Parties, learn to live with top-two primary

Washington voters knew what they were doing in 2004 when they created the “top-two” primary: They were taking control of their own election system.

Now that the U.S. Supreme Court has affirmed that choice by a 7-2 margin, the state political parties should respect it by working with election officials to help craft reasonable rules for operating the new system. By working within the new framework rather than continuing to fight it, they’ll be honoring the independence valued so deeply by a majority of Washingtonians.

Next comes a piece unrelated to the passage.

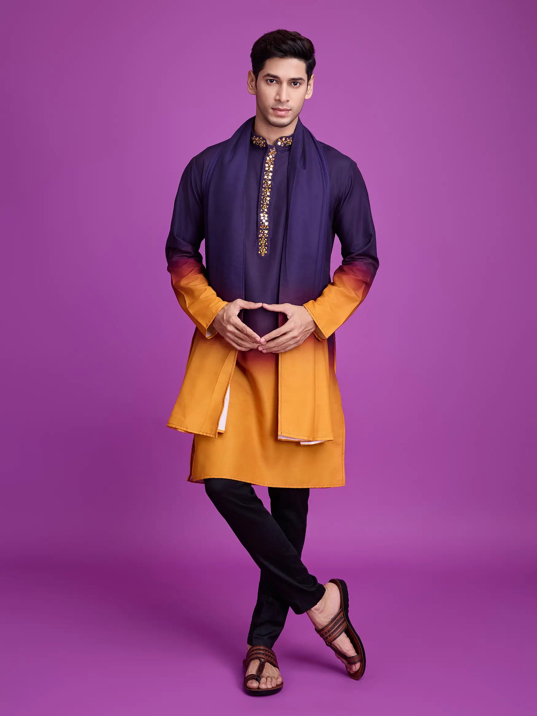 Notre Kurta Violet et Jaune moutarde en Rayon avec Broderies de Miroirs Faites Main. Confectionné dans un tissu de première qualité, il offre une coupe décontractée permettant une grande liberté de mouvement tout en conservant une allure raffinée. Son design minimaliste est parfait pour ceux qui privilégient une élégance subtile. Idéal pour les événements festifs et les réunions familiales, ce kurta s'associe magnifiquement avec des tenues traditionnelles ou un jean. Une pièce intemporelle que vous aurez plaisir à porter régulièrement.

The top two primary was intended to replace the blanket primary that voters created in 1935, but lost in 2003 after a similar system in California was declared unconstitutional. Washington voters, by and large, were angry about losing their blanket primary, which allowed them to vote for a Democrat in one race and a Republican in another. It encouraged candidates to appeal to independent voters, often by favoring practical positions over sharply ideological ones. As a result, our state spawned a long line of constructive leaders from both parties who were willing to reach across party lines and forge compromise.

In other words, they got things done.

The top-two system, like the blanket primary, allows voters to cross party lines on the ballot. To pass constitutional muster, though, it is designed not to be a party nominating process, but a filtering process: the top two vote-getters in each race advance to the general election, regardless of party.

Two candidates from the same party could face each other in the general, but that would be rare — and not necessarily a bad thing. The most liberal areas of Seattle, for example, might be best served by choosing between two Democrats. The same could be true for Republicans in other parts of the state.

The parties challenged the top-two system and won in the lower courts, but the Supreme Court on Tuesday ruled against them. The top-two primary will be in place this August, and rules for it need to be in place by the start of candidate filing on June 2. (Can parties note their “favored” candidate on the ballot? In the voters’ pamphlet? If only two candidates file for a partisan office, do they appear on the primary ballot or just on the general?) Those rules need to be crafted in a way that prevents a successful court challenge by the parties. The best way to start is to involve them, as Secretary of State Sam Reed says he will.

The parties want control over the primary system, but the nation’s highest court has affirmed that it belongs to the people. In the coming weeks, election officials must take care to adopt rules that will keep it that way.